Beneath this line is the data. Output exactly the lines from the line with "ANYOU 남성 데님셔츠 캐주얼남성 긴팔 셔츠 루즈핏 데님 코트" to the line with "かっしりとしたシルエットやブ", both ends included, and nothing more.

══ DATASET CONTENT ══

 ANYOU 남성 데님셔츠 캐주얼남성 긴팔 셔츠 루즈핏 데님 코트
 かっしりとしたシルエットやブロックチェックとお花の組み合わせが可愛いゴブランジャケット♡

═══
══ DATASET CONTENT ══

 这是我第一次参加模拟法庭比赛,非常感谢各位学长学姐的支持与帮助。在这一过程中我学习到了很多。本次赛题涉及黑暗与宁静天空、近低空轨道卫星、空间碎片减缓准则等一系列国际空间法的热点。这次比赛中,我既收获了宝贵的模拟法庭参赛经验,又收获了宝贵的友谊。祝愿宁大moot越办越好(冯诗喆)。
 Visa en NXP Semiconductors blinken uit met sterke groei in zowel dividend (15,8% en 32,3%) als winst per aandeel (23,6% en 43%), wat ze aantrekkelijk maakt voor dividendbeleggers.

═══
══ DATASET CONTENT ══

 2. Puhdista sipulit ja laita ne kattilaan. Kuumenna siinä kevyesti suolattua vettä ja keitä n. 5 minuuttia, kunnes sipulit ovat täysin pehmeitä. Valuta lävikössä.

═══

## ANSWER TO THIS TASK
 ANYOU 남성 데님셔츠 캐주얼남성 긴팔 셔츠 루즈핏 데님 코트
 かっしりとしたシルエットやブロックチェックとお花の組み合わせが可愛いゴブランジャケット♡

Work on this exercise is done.